Materials provided:

::::

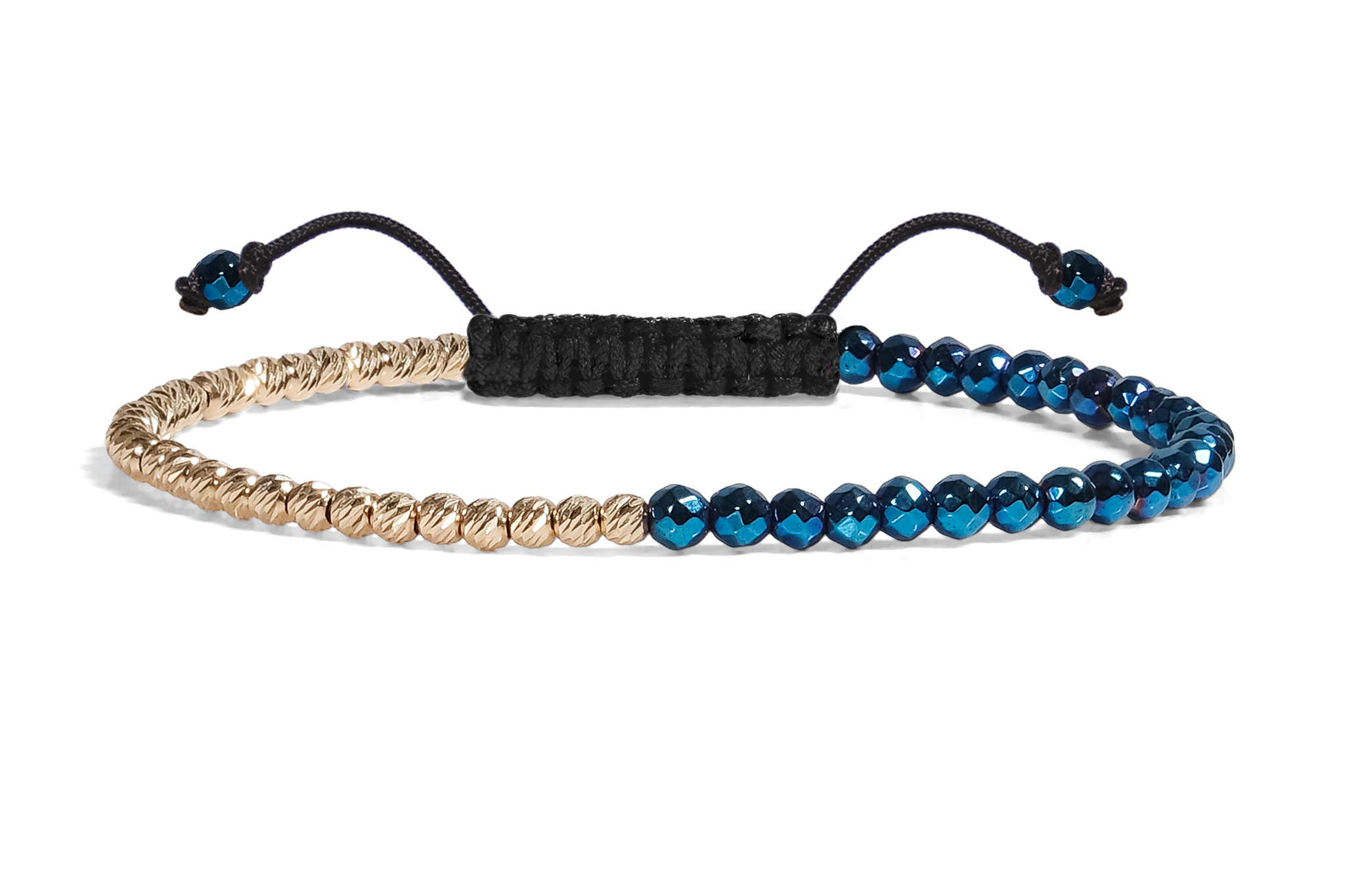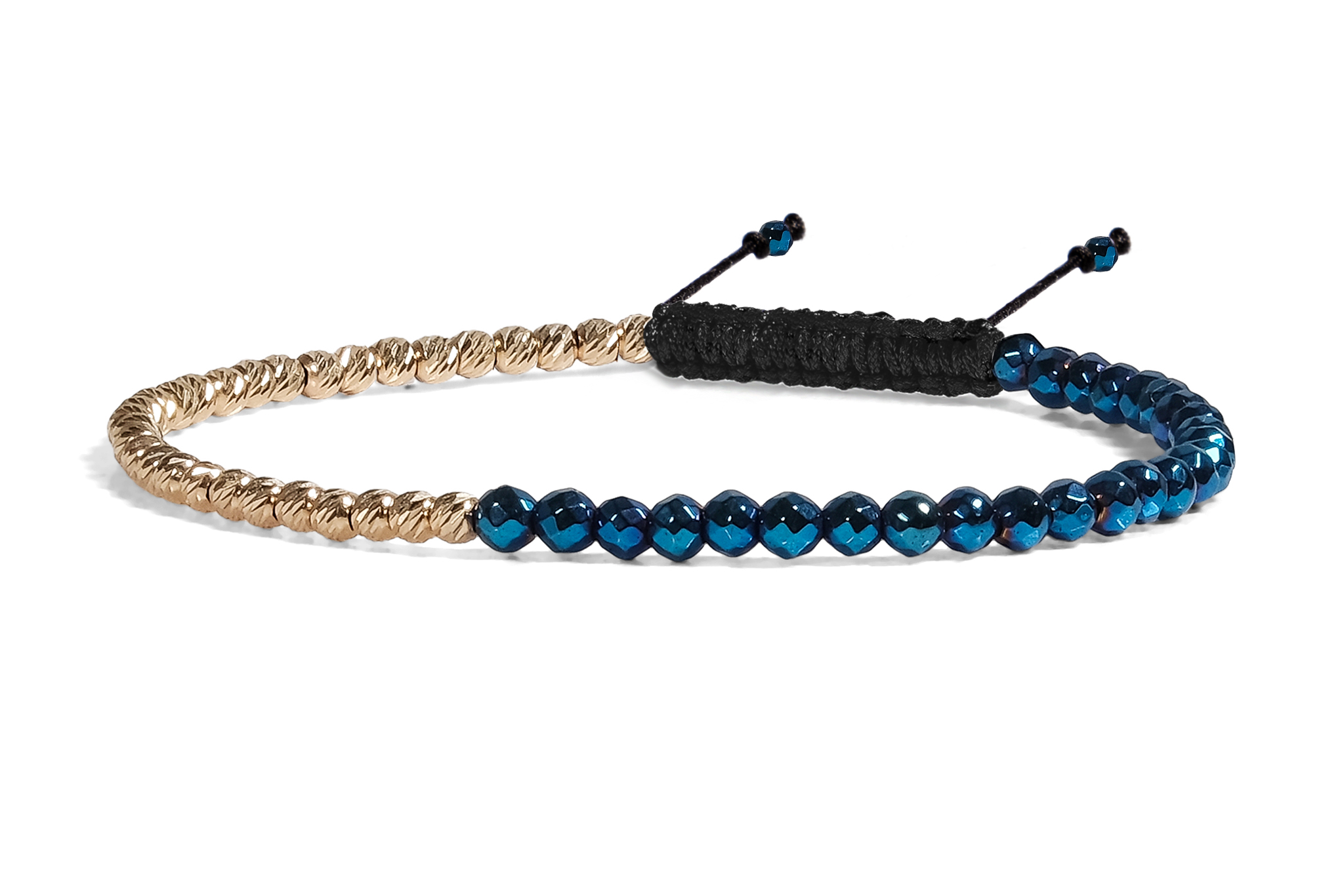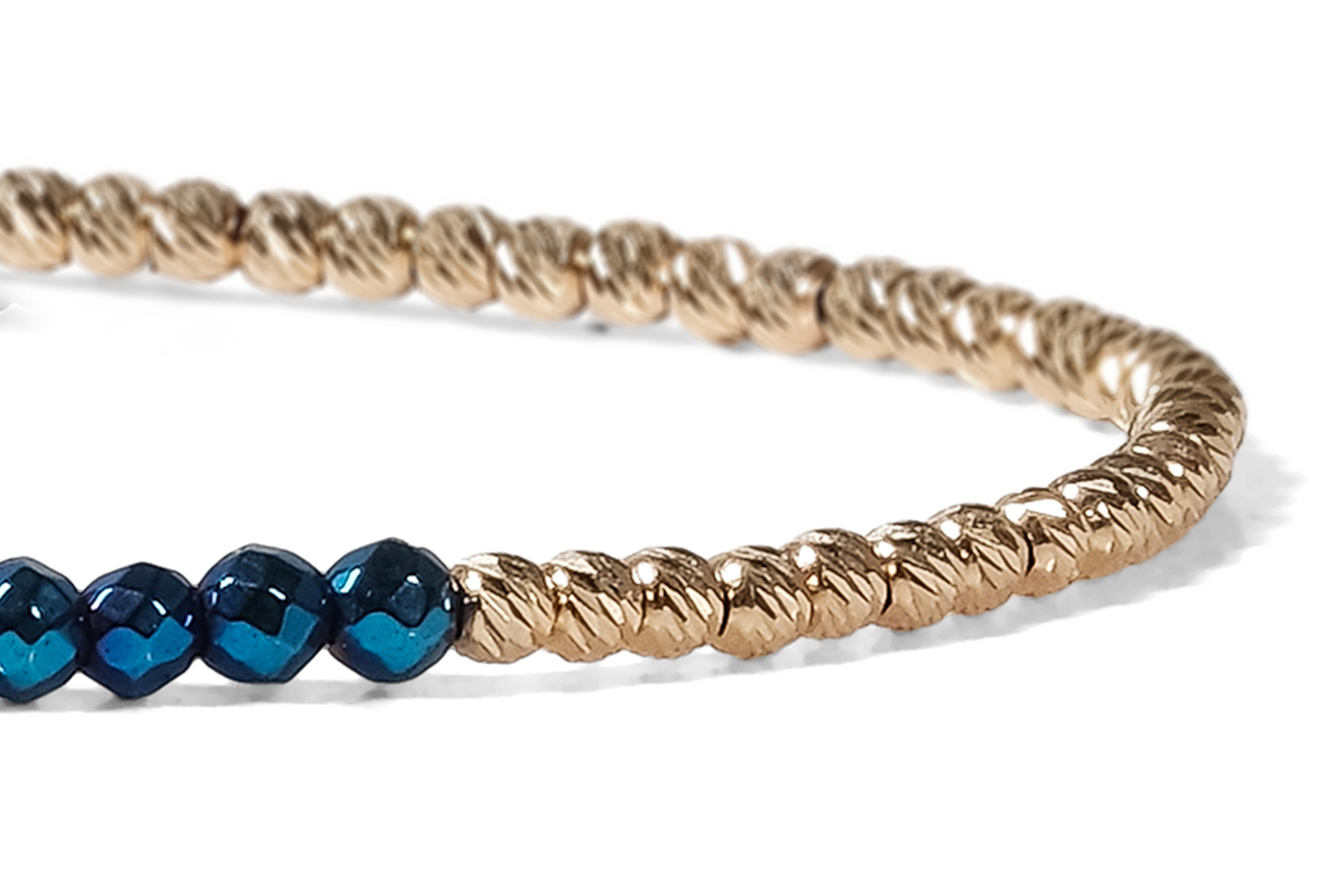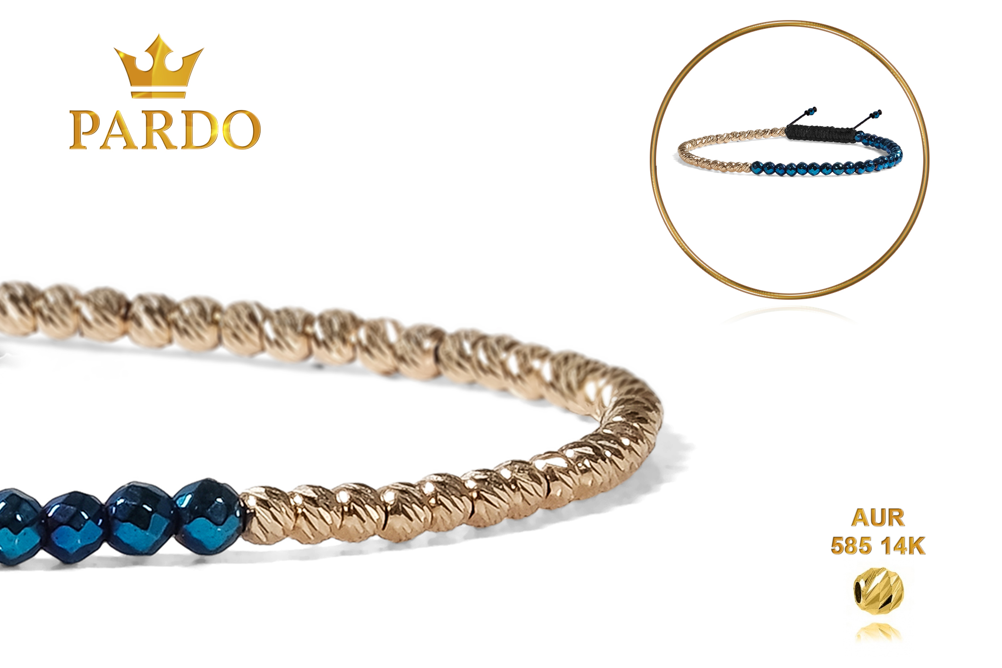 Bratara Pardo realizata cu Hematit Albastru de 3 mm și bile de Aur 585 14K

::::

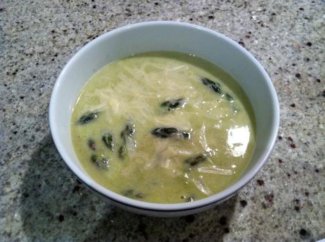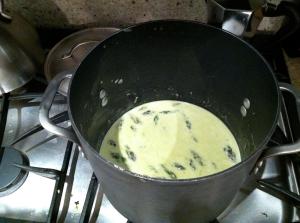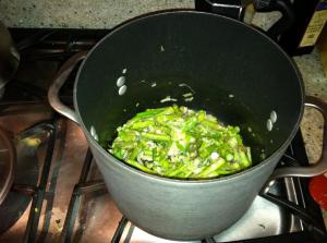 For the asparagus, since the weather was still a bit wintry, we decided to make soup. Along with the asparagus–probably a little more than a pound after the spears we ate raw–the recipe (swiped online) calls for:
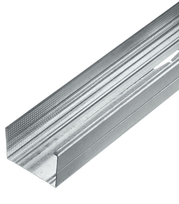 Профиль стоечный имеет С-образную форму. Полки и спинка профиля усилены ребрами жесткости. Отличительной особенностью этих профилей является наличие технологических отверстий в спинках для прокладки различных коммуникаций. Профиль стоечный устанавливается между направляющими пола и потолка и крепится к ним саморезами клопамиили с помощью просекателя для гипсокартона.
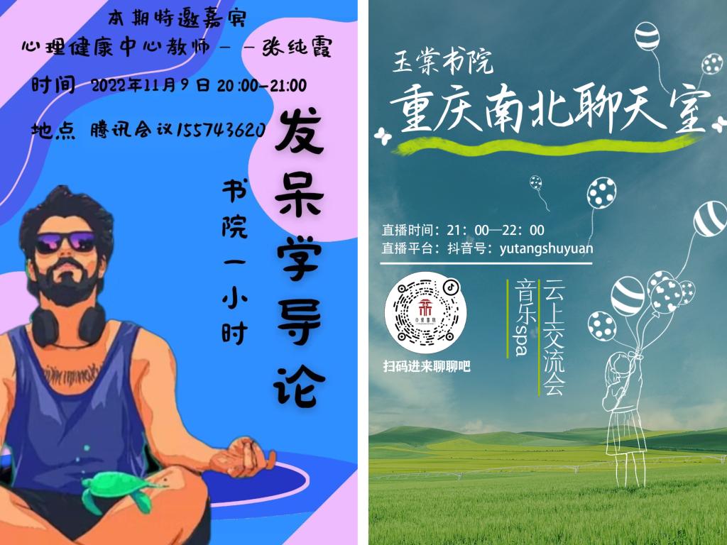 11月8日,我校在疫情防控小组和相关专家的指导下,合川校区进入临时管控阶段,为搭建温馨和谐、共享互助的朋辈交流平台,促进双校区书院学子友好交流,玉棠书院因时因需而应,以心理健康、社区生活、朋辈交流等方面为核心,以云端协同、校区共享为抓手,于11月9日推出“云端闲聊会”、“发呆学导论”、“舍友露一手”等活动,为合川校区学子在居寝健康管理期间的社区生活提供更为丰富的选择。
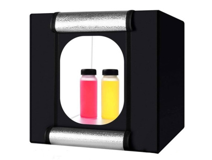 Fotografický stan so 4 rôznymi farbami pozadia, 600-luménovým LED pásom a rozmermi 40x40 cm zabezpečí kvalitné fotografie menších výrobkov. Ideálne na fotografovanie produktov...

::::

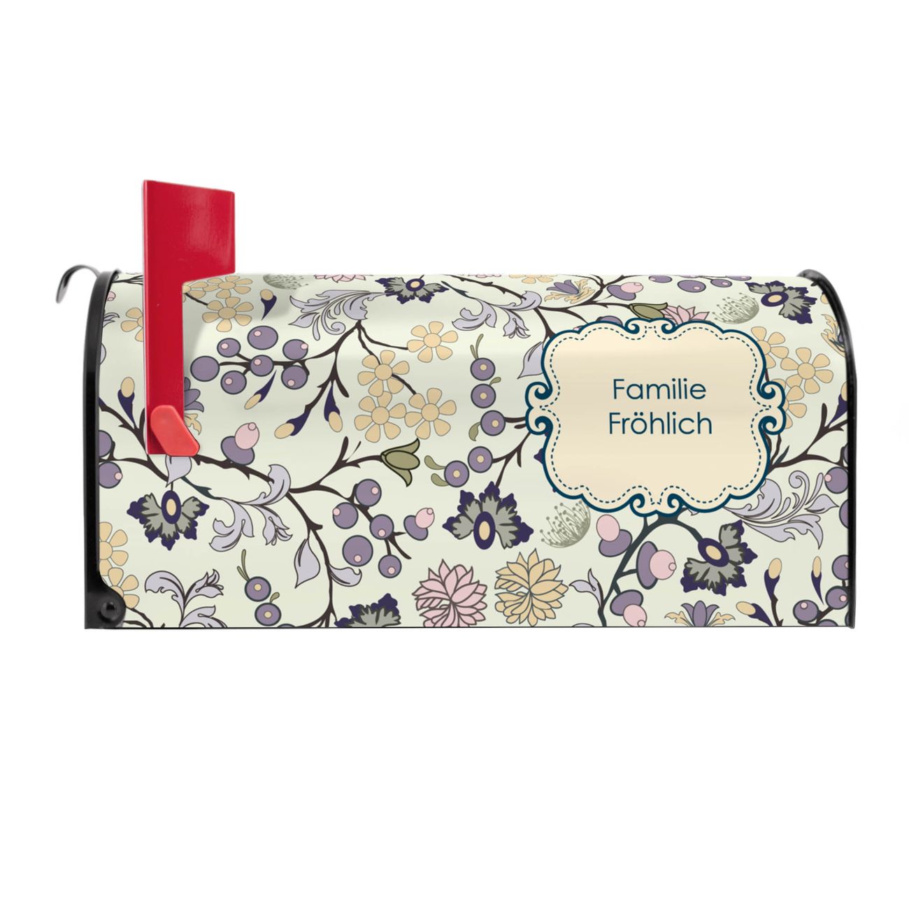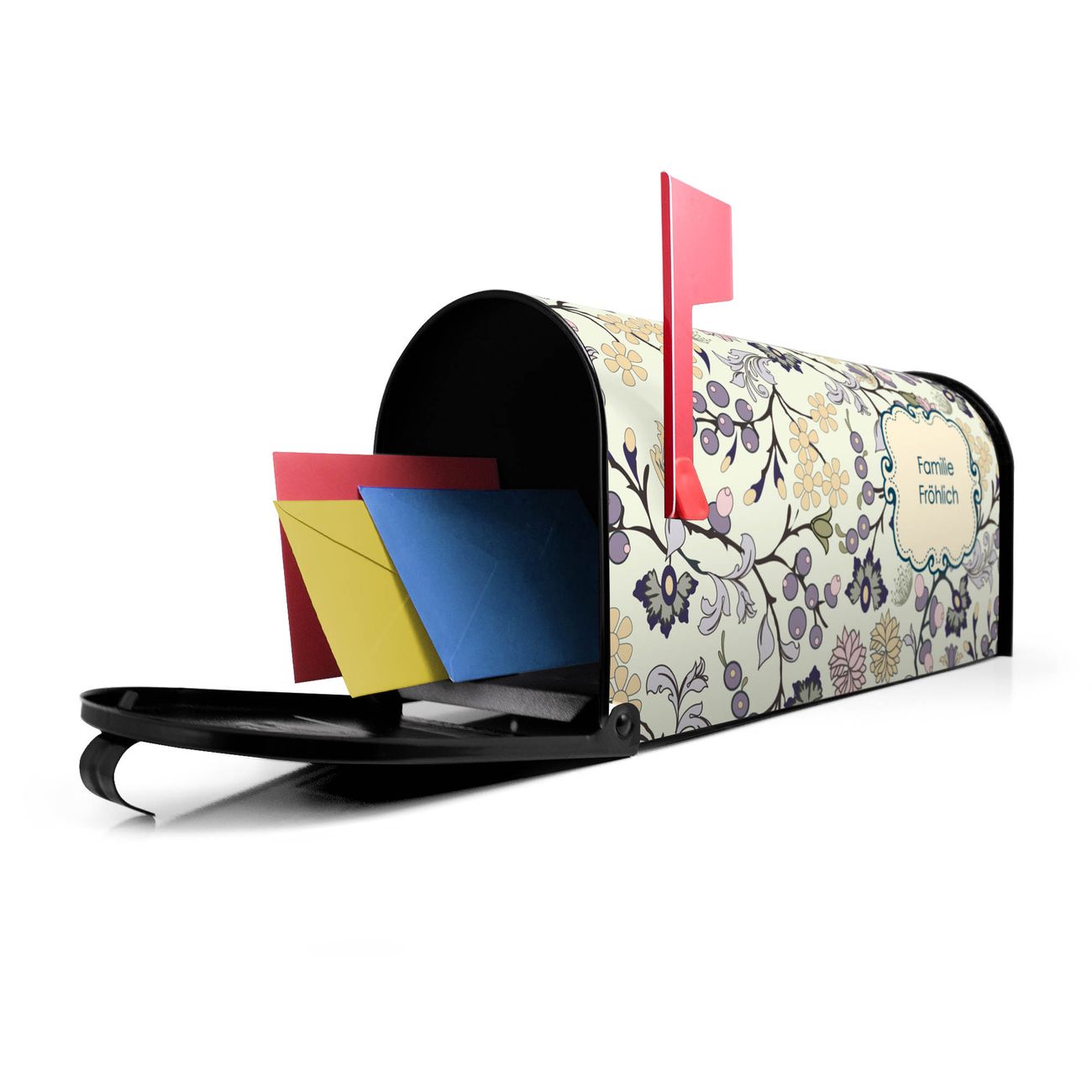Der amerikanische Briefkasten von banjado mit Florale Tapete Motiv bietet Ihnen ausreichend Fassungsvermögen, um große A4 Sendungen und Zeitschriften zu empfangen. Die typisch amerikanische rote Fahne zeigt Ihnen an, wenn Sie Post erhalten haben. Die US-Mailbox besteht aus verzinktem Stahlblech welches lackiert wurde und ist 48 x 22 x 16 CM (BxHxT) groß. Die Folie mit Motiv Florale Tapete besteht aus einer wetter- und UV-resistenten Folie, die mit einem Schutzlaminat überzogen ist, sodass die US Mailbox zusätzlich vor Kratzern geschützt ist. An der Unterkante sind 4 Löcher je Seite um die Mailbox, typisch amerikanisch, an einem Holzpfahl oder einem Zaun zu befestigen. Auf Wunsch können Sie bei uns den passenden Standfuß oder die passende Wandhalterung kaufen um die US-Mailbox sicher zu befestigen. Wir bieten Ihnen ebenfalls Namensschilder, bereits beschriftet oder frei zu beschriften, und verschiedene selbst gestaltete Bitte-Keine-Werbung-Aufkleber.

::::

What you have to do:
All pictures are to be skipped. Output, word for word, the lines in the data above starting at the line containing "For the asparagus, since" and ending at the line containing "Fotografický stan so".

Exercise output:
 For the asparagus, since the weather was still a bit wintry, we decided to make soup. Along with the asparagus–probably a little more than a pound after the spears we ate raw–the recipe (swiped online) calls for:
 Профиль стоечный имеет С-образную форму. Полки и спинка профиля усилены ребрами жесткости. Отличительной особенностью этих профилей является наличие технологических отверстий в спинках для прокладки различных коммуникаций. Профиль стоечный устанавливается между направляющими пола и потолка и крепится к ним саморезами клопамиили с помощью просекателя для гипсокартона.
 11月8日,我校在疫情防控小组和相关专家的指导下,合川校区进入临时管控阶段,为搭建温馨和谐、共享互助的朋辈交流平台,促进双校区书院学子友好交流,玉棠书院因时因需而应,以心理健康、社区生活、朋辈交流等方面为核心,以云端协同、校区共享为抓手,于11月9日推出“云端闲聊会”、“发呆学导论”、“舍友露一手”等活动,为合川校区学子在居寝健康管理期间的社区生活提供更为丰富的选择。
 Fotografický stan so 4 rôznymi farbami pozadia, 600-luménovým LED pásom a rozmermi 40x40 cm zabezpečí kvalitné fotografie menších výrobkov. Ideálne na fotografovanie produktov...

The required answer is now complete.